Husky Rescue – Ship of Light (Catskills)
4/5
By: Hayley Sleigh
Listening to each song on Husky Rescue’s fourth album individually, it is much easier to appreciate the variety featured on Ship of Light, with the melancholic power pop of ‘Sound of Love’ with its deliciously catchy chorus and the country-flavoured ‘Fast Lane’ with its bells and duelling guitars among the most distinctive. The ten tracks on Ship of Light are bound together by a feeling, not a sound or a set of instruments, and played together are far greater than the sum of their parts, as the wistful mood the album lulls you into is so wonderful. Each song, beautiful as it was, left only the faintest imprint in my mind, like a dream lost and mostly forgotten, where all that remains is the memory that it must have been quite lovely.
There is a pleasing, childlike simplicity to the rhymes (‘children come to ask/why do I wear a mask’ on ‘Man of Stone’, and ‘playing hide and seek/someone to take a peek’ on ‘When Time Was On Their Side’) which would sound cloyingly weak if they weren’t echoed so perfectly by the choice of instruments (unless my ears are deceiving me, there’s a xylophone and a triangle in there somewhere on ‘We Shall Burn Bright’ and ‘Sound of Love’).
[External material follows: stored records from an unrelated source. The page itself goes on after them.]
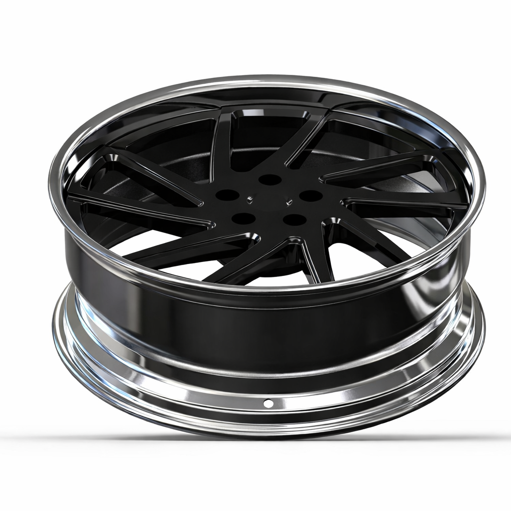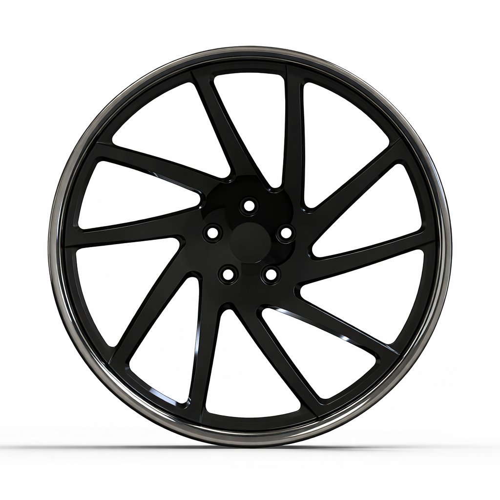Finish / Color Black Spokes + Polished Lip Brushed, Matte, Candy, Chrome, or custom RAL colors
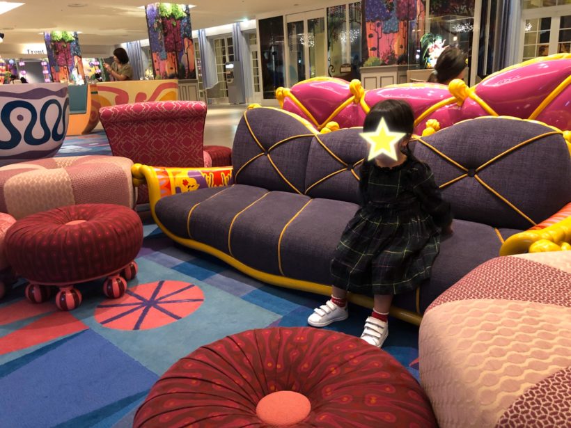 ロビーのテレビにディズニーチャンネルが映されていて、チェックイン待ち時間もソファに座ってテレビを見て待っていられます。因みにディズニーチャンネルは宿泊部屋でも観ることができます。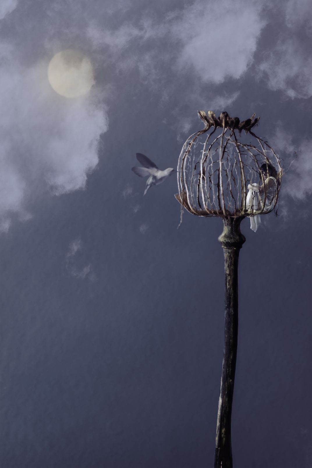 This is a self-portrait I created upon finding this dried out poppy cage.

Lead vocalist Reeta-Leena Korhola sings with Charlotte Gainsbourg-like precision, art-ic-u-lat-ing ev-e-ry litt-le frag-ment of every word with such clarity that it serves to make the hazy atmosphere each track creates feel even warmer and fuzzier in comparison. There’s something so intimate about hearing every click of Korhola’s tongue as she sings, as if she’s singing directly into your ear. I would suggest that the band’s decision to record a song that’s so reminiscent of C. Gainsbourg’s ‘Little Monsters’ and call it ‘Beautiful My Monster’ indicates more of a direct homage than just a well-embraced, often-heard comparison.
A number of people (including Husky Rescue’s own writer/bassist/producer Marko Nyberg) have likened Husky Rescue’s debut album, 2004’s Country Falls, to the work of David Lynch, while I think Ship of Light would be a better accompaniment to one of Michel Gondry’s films. Irresistibly sweet and gentle with a faintly disturbing thread running throughout (the cosmic distortion of Korhola’s voice on ‘Beautiful My Monster’ and the synth sounds dropping and spinning out of control on ‘Grey Pastures, Still Waters’ are mildly unsettling, in a good way), Ship of Light would be the perfect soundtrack to a month spent falling in love and building oceans made of cotton wool with stunningly mousy French women while battling a mysterious illness which leaves you unable to tell the difference between dreams and reality, a la The Science of Sleep. This is music to fall in love with, and to.